- [Work order]
With the pictures set aside, write out all of the data exactly as it stands.

↓↓↓

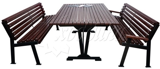 Столешница, сиденье и спинка: Брус из хвойных пород древесины - сосна/ель (варианты исполнения: лиственница, композитные материалы) различного сечения. Огнебиозащитные пропитки + тонировочный состав с антисептиком + два слоя яхтного лака с промежуточным шлифованием. Возможность выбора цвета из палитры.
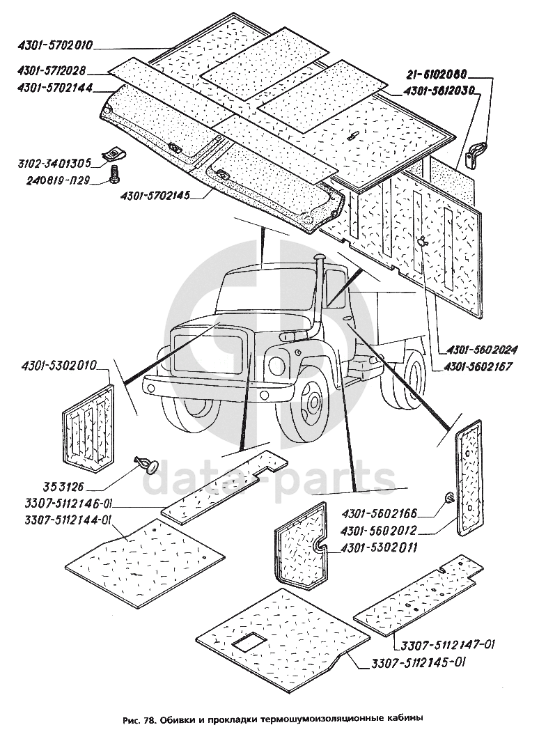 Обивки и прокладки термошумоизоляционные кабины ГАЗ-3306
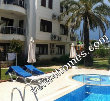 Квартира с двумя спальнями и гостиной в ухоженном жилом комплекса в самом сердце популярного города-курорта Сиде. Вид на горы и бассейн.
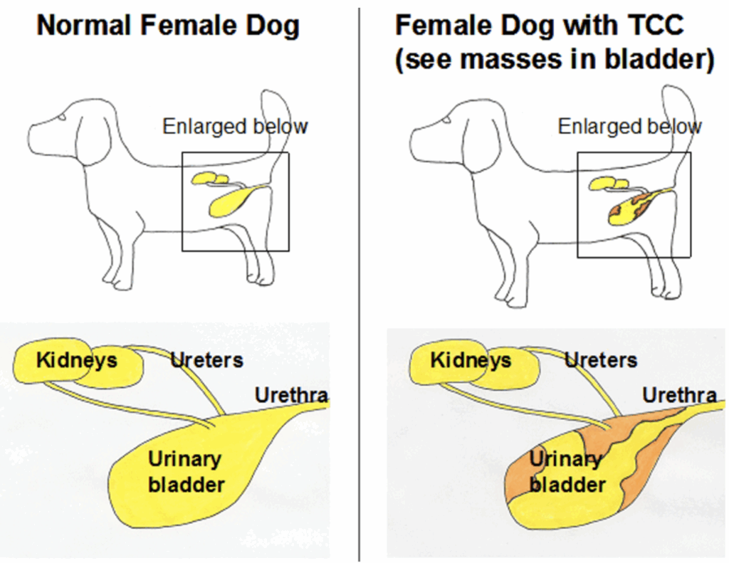정상견(좌)과 방광 이행상피암종 환견(우) 모식도 (사진=Purdue University College of Veterinary Medicine)
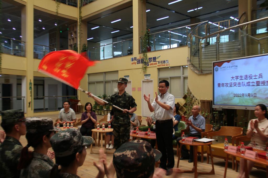 仪式中,谢敏峰副校长为突击队授旗,标志着我校退役大学生士兵青年攻坚突击队正式成立。与会领导、老师还为首批突击队队员一一颁发了聘书,对志愿参与突击队的首批队员们致以敬意。随后,进行了集体宣誓,全体突击队队员身姿挺拔、精神抖擞、整齐列队,面向队旗、右拳高擎,宣誓声慷慨激昂、字字铿锵。在场师生为这群最可爱的人,献上了最热烈的掌声。
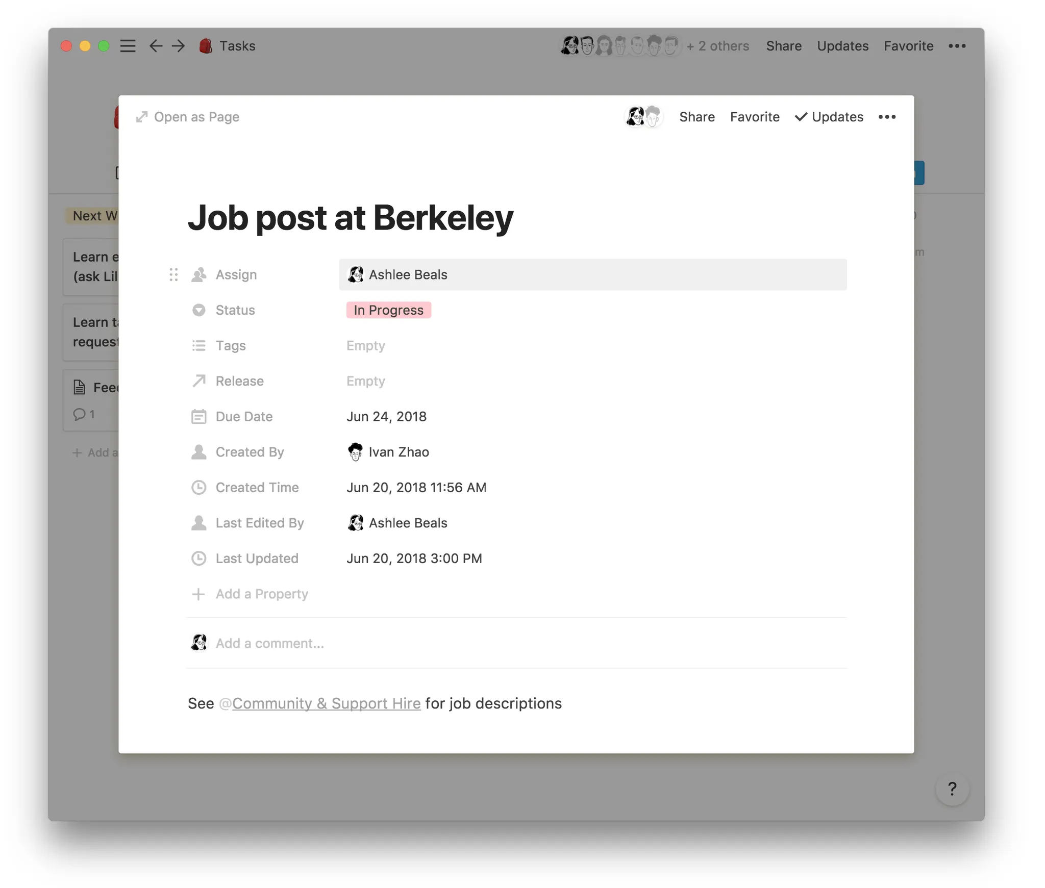 데이터베이스의 "Person" 속성을 사용하여 사용자를 특정 페이지에 추가할 수도 있습니다. 특정 페이지에 Person 속성을 추가하는 것으로 아래 예제처럼 사이드바의 "All Updates"에서 이에 대한 알림을 받게 됩니다.

↑↑↑

- [Completed task]
 Столешница, сиденье и спинка: Брус из хвойных пород древесины - сосна/ель (варианты исполнения: лиственница, композитные материалы) различного сечения. Огнебиозащитные пропитки + тонировочный состав с антисептиком + два слоя яхтного лака с промежуточным шлифованием. Возможность выбора цвета из палитры.
 Обивки и прокладки термошумоизоляционные кабины ГАЗ-3306
 Квартира с двумя спальнями и гостиной в ухоженном жилом комплекса в самом сердце популярного города-курорта Сиде. Вид на горы и бассейн.
정상견(좌)과 방광 이행상피암종 환견(우) 모식도 (사진=Purdue University College of Veterinary Medicine)
 仪式中,谢敏峰副校长为突击队授旗,标志着我校退役大学生士兵青年攻坚突击队正式成立。与会领导、老师还为首批突击队队员一一颁发了聘书,对志愿参与突击队的首批队员们致以敬意。随后,进行了集体宣誓,全体突击队队员身姿挺拔、精神抖擞、整齐列队,面向队旗、右拳高擎,宣誓声慷慨激昂、字字铿锵。在场师生为这群最可爱的人,献上了最热烈的掌声。
 데이터베이스의 "Person" 속성을 사용하여 사용자를 특정 페이지에 추가할 수도 있습니다. 특정 페이지에 Person 속성을 추가하는 것으로 아래 예제처럼 사이드바의 "All Updates"에서 이에 대한 알림을 받게 됩니다.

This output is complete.